#### Problem statement:
Retype the listing exactly, with no images.

#### Data segment:
┌──
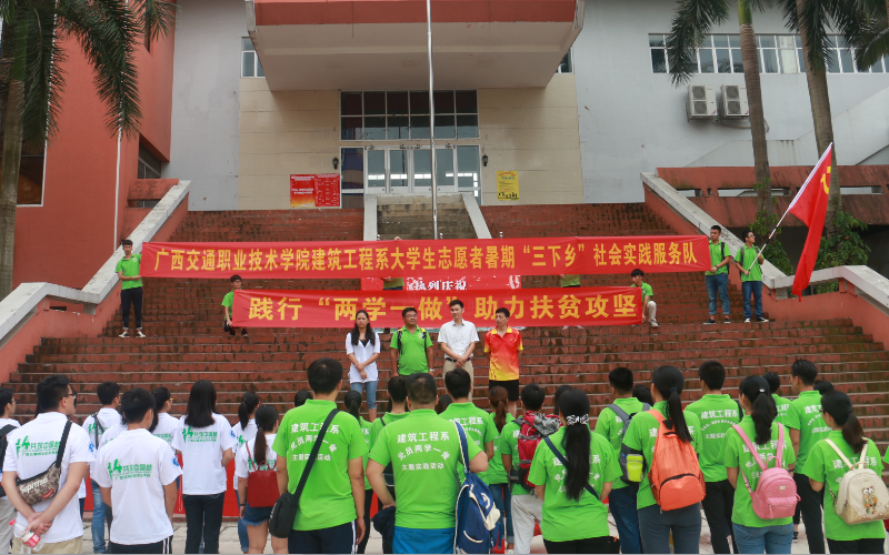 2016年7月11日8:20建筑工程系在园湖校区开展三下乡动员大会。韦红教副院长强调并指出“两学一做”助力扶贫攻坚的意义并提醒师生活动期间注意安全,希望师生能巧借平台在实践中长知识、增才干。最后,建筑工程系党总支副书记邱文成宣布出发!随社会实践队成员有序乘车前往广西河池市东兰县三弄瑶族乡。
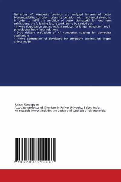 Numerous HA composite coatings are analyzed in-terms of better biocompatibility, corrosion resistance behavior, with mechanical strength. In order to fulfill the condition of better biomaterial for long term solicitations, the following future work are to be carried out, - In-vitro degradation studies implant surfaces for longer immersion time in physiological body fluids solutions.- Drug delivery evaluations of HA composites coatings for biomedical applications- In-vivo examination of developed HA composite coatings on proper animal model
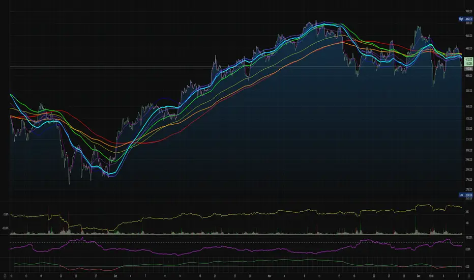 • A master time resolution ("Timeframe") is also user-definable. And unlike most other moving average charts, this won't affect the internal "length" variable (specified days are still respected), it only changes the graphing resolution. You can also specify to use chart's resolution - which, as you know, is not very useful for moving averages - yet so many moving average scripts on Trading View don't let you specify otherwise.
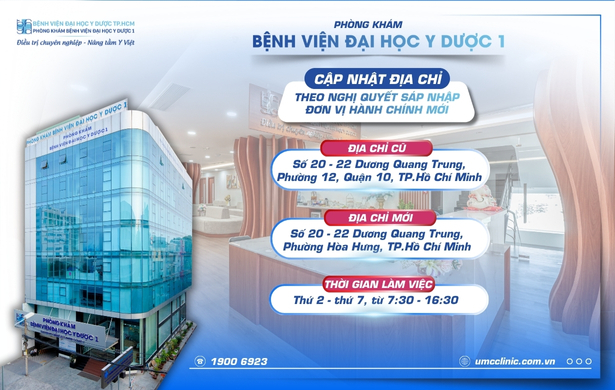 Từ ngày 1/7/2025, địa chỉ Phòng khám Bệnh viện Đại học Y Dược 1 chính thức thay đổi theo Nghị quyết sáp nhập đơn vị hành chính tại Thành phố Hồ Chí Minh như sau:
└──
#### Response to this exercise:
 2016年7月11日8:20建筑工程系在园湖校区开展三下乡动员大会。韦红教副院长强调并指出“两学一做”助力扶贫攻坚的意义并提醒师生活动期间注意安全,希望师生能巧借平台在实践中长知识、增才干。最后,建筑工程系党总支副书记邱文成宣布出发!随社会实践队成员有序乘车前往广西河池市东兰县三弄瑶族乡。
 Numerous HA composite coatings are analyzed in-terms of better biocompatibility, corrosion resistance behavior, with mechanical strength. In order to fulfill the condition of better biomaterial for long term solicitations, the following future work are to be carried out, - In-vitro degradation studies implant surfaces for longer immersion time in physiological body fluids solutions.- Drug delivery evaluations of HA composites coatings for biomedical applications- In-vivo examination of developed HA composite coatings on proper animal model
 • A master time resolution ("Timeframe") is also user-definable. And unlike most other moving average charts, this won't affect the internal "length" variable (specified days are still respected), it only changes the graphing resolution. You can also specify to use chart's resolution - which, as you know, is not very useful for moving averages - yet so many moving average scripts on Trading View don't let you specify otherwise.
 Từ ngày 1/7/2025, địa chỉ Phòng khám Bệnh viện Đại học Y Dược 1 chính thức thay đổi theo Nghị quyết sáp nhập đơn vị hành chính tại Thành phố Hồ Chí Minh như sau:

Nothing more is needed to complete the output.